Johan den Haan, a contributor of InfoWorld Magazine, discusses about methodologies used nowadays in IT & Software Projects, mainly focussing on Agile concepts and whether it suffices to needs of current systems. According to the author, Agile approaches have been lately implemented across more platforms with companies gradually shifting to this methodology from traditional software designs.

He adds that the traditional Waterfall design follows a fixed progression, with phases of requirements gathering, design, development, testing and final product delivery. Hence this caters to needs of projects like traditional ERP, banking and HR, which have static requirements. Whereas, Agile provides an iterative style of project development, more flexible and favourable to the project developers, with provisions of tracking back to the previous stage in the model. Where this approach runs short is the lack of definite principles regarding developer-business user association and correspondence. Haan points out that project coders tend to ‘speak’ a terminology which might or might not be fluent to the business counterparts. The author advocates using visual-model based development techniques in place of code-based, which will provide an understandable bridge for both developers and business users alike.

Reaction

Johan’s article stresses on the first phase of an IT project i.e. choosing a software development methodology. The author comments on the Agile approaches and how it has gradually become popular.
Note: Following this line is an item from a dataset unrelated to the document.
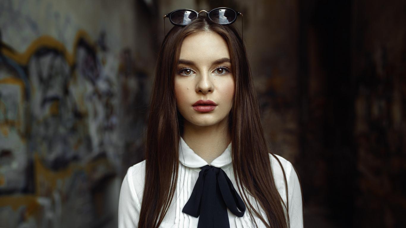 Wallpaper Young beautiful girl with glasses on her head

I myself have worked in IT projects related to the banking sector, wherein the project started with Waterfall & Spiral models, but as the development progressed we felt the need for a more flexible method, a model like Agile which was more efficient in adapting to developer’s schedules and changing user requirements. The foremost advantage that we found implementing Agile were its capabilities to revert to preceding stages. Developer scrum meetings and business update meetings were regularly organized, so I as a developer didn’t feel the ‘disconnect’ between the coders and business users as mentioned in the article, everyone worked as a team to achieve final deliverables. But as the author suggests, there might be projects where users may feel that they are not on the same page as the development team; such projects need to be managed more efficiently. Of course, the model based design software and simulators like Matlab can aid in streamlining the communication between the business users and project developers.